§ **Exercise objective**
All of the entries are to be repeated exactly, with no pictures included.

Stored entries
::::::
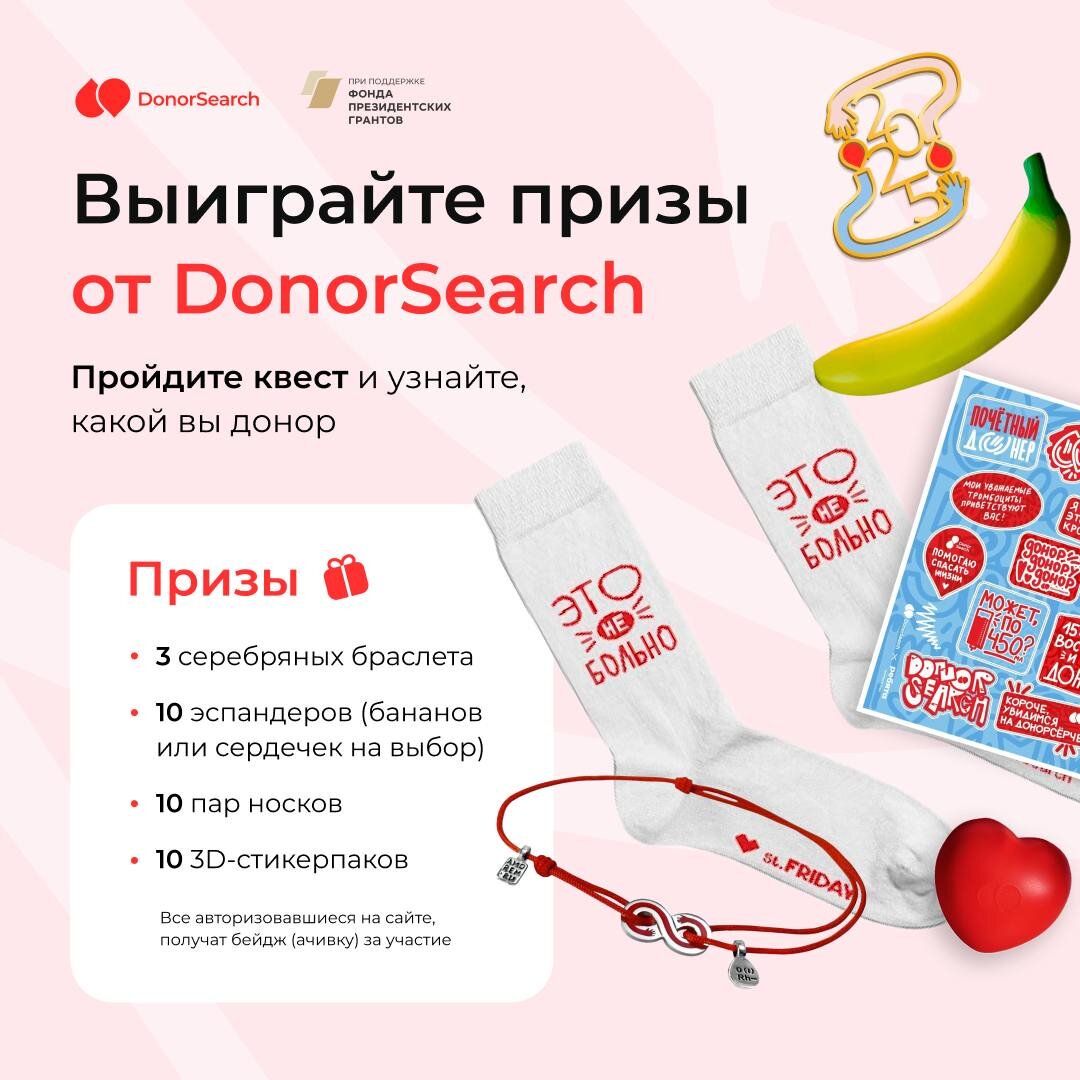 Та-даам! Этот день настал — запускаем интерактивную игру-квест для доноров 🩸 Наш виртуальный день донора — это шанс узнать: какой вы донор? И, конечно, выиграть один из 33 призов. ▪️ В розыгрыше: • 3 стильных серебряных браслета из коллекции с Amorem, • 10 ярких эспандеров (банан или сердечко — на выбор), • 10 уютных пар носков St.Friday Socks, • 10 топовых наборов 3D-стикерпаков, • а ещё — виртуальный бейдж каждому участнику в коллекцию на donorsearch.org Итоги — 28 апреля! ▪️ Вот как всё устроено: • проходите квест — отвечаете на вопросы, • получаете результат и номерки, • выполняете дополнительные задания — получаете ещё номерки, так шансы на победу растут! После квеста вам откроется доступ в чат, где можно познакомиться с другими донорами, обсудить результаты и поделиться впечатлениями, задать вопросы о проекте и просто пообщаться с близкими по духу людьми) С праздником вас и удачи! Благодарим команду Студии Чижова и Фонд президентских грантов за помощь в реализации проек
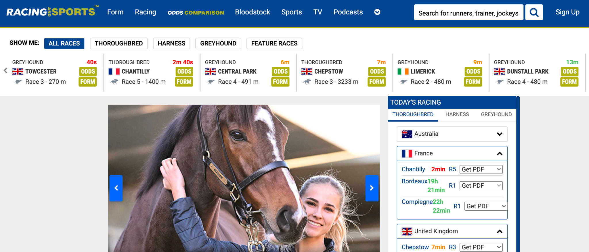 Racing and Sports (often associated with premium horse and greyhound racing data solutions, including providers like Podium or similar specialized feeds) delivers superior real-time data feeds and content for horse racing, greyhound racing, and related betting verticals. Their offerings include racecards, live odds, results, statistics, historical data, and editorial insights with high accuracy and low latency.
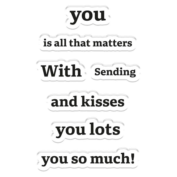 • 7 sentiment stamps - you, is all that matters, with, sending, and kisses, you lots, you so much!.
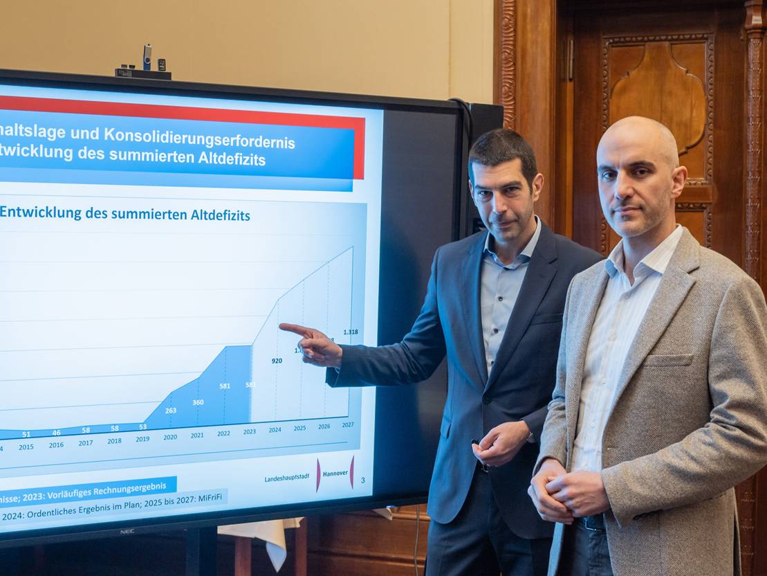 Kämmerer Dr. Axel von der Ohe und Oberbürgermeister Belit Onay stellten die Pläne im Neuen Rathaus vor.
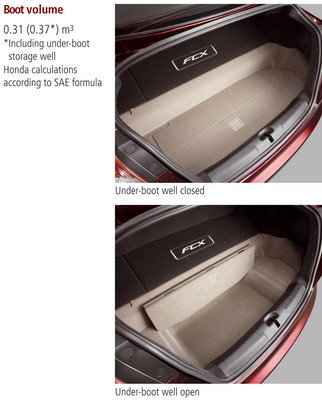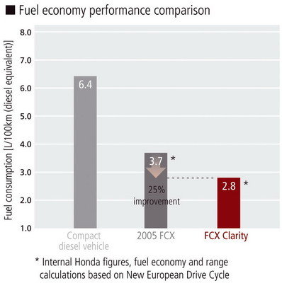 Όταν ρέει το καύσιμο ακούγεται ένας θόρυβος ο οποίος σταματά όταν γεμίσει το ντεπόζιτο. Όταν οι δεξαμενές γεμίσουν η πίεση φτάνει τα 350 bar. Συμπιεσμένο και υγροποιημένο στις δεξαμενές το υδρογόνο δεν ξεπερνά σε βάρος τα 4,1 κιλά και προσφέρει αυτονομία 460 χλμ. Μία τυπική εταιρία παραγωγής υδρογόνου στη Γερμανία πουλά το κιλό το υδρογόνο περίπου στα 8,88 ευρώ. Οπότε για να γεμίσει το ρεζερβουάρ χρειάζονται 36 ευρώ ενώ η θεωρητική ισοδυναμία που δίνει η Honda είναι 2,8 λίτρα diesel ανά 100 χλμ.
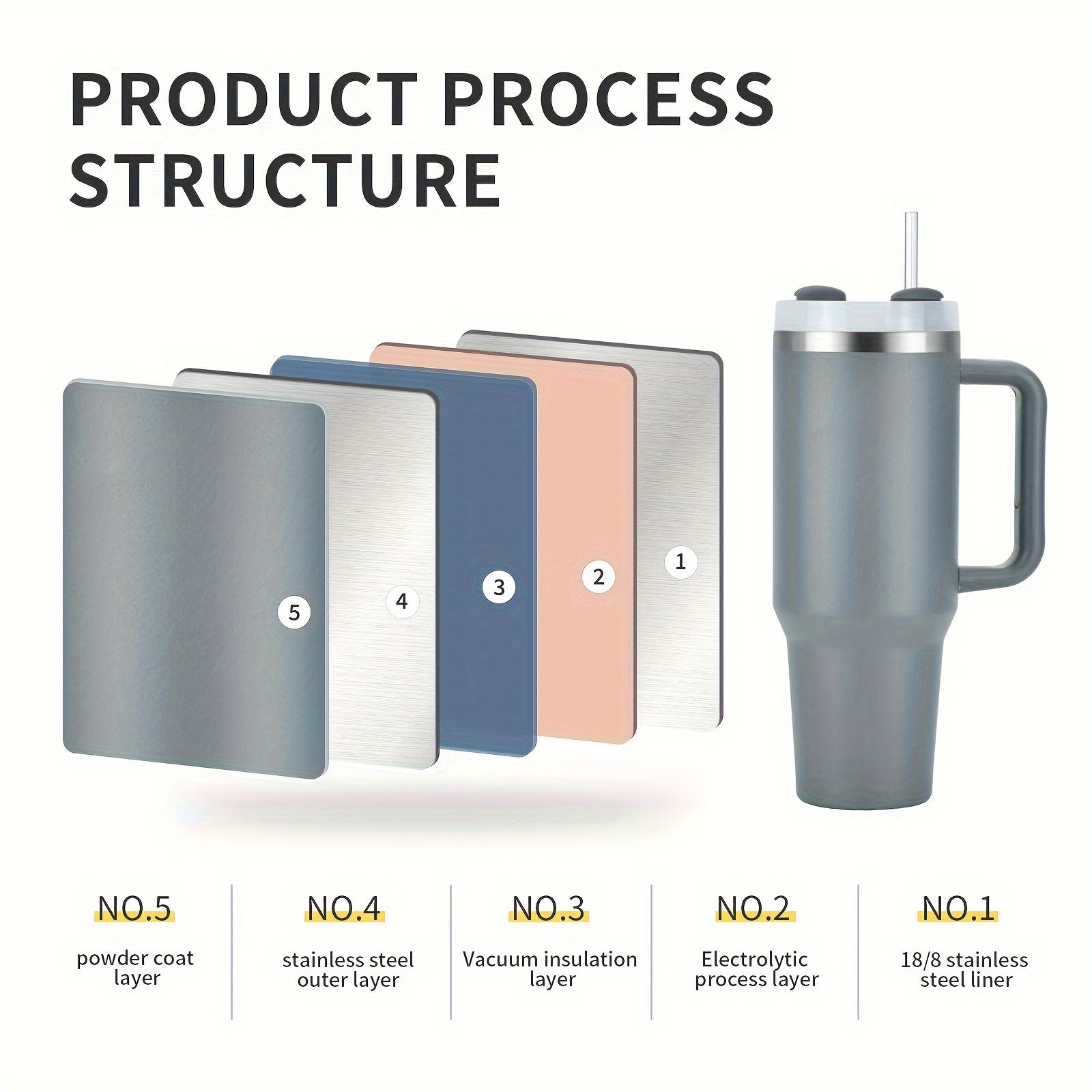 Тумблер Watersy 40 унций с ручкой и крышкой для соломинки, двойные стенки из нержавеющей стали, вакуумная изоляция для горячих и холодных напитков, защищен от проливания и легко чистится.
::::::
§ **Problem solution**
 Та-даам! Этот день настал — запускаем интерактивную игру-квест для доноров 🩸 Наш виртуальный день донора — это шанс узнать: какой вы донор? И, конечно, выиграть один из 33 призов. ▪️ В розыгрыше: • 3 стильных серебряных браслета из коллекции с Amorem, • 10 ярких эспандеров (банан или сердечко — на выбор), • 10 уютных пар носков St.Friday Socks, • 10 топовых наборов 3D-стикерпаков, • а ещё — виртуальный бейдж каждому участнику в коллекцию на donorsearch.org Итоги — 28 апреля! ▪️ Вот как всё устроено: • проходите квест — отвечаете на вопросы, • получаете результат и номерки, • выполняете дополнительные задания — получаете ещё номерки, так шансы на победу растут! После квеста вам откроется доступ в чат, где можно познакомиться с другими донорами, обсудить результаты и поделиться впечатлениями, задать вопросы о проекте и просто пообщаться с близкими по духу людьми) С праздником вас и удачи! Благодарим команду Студии Чижова и Фонд президентских грантов за помощь в реализации проек
 Racing and Sports (often associated with premium horse and greyhound racing data solutions, including providers like Podium or similar specialized feeds) delivers superior real-time data feeds and content for horse racing, greyhound racing, and related betting verticals. Their offerings include racecards, live odds, results, statistics, historical data, and editorial insights with high accuracy and low latency.
 • 7 sentiment stamps - you, is all that matters, with, sending, and kisses, you lots, you so much!.
 Kämmerer Dr. Axel von der Ohe und Oberbürgermeister Belit Onay stellten die Pläne im Neuen Rathaus vor.
 Όταν ρέει το καύσιμο ακούγεται ένας θόρυβος ο οποίος σταματά όταν γεμίσει το ντεπόζιτο. Όταν οι δεξαμενές γεμίσουν η πίεση φτάνει τα 350 bar. Συμπιεσμένο και υγροποιημένο στις δεξαμενές το υδρογόνο δεν ξεπερνά σε βάρος τα 4,1 κιλά και προσφέρει αυτονομία 460 χλμ. Μία τυπική εταιρία παραγωγής υδρογόνου στη Γερμανία πουλά το κιλό το υδρογόνο περίπου στα 8,88 ευρώ. Οπότε για να γεμίσει το ρεζερβουάρ χρειάζονται 36 ευρώ ενώ η θεωρητική ισοδυναμία που δίνει η Honda είναι 2,8 λίτρα diesel ανά 100 χλμ.
 Тумблер Watersy 40 унций с ручкой и крышкой для соломинки, двойные стенки из нержавеющей стали, вакуумная изоляция для горячих и холодных напитков, защищен от проливания и легко чистится.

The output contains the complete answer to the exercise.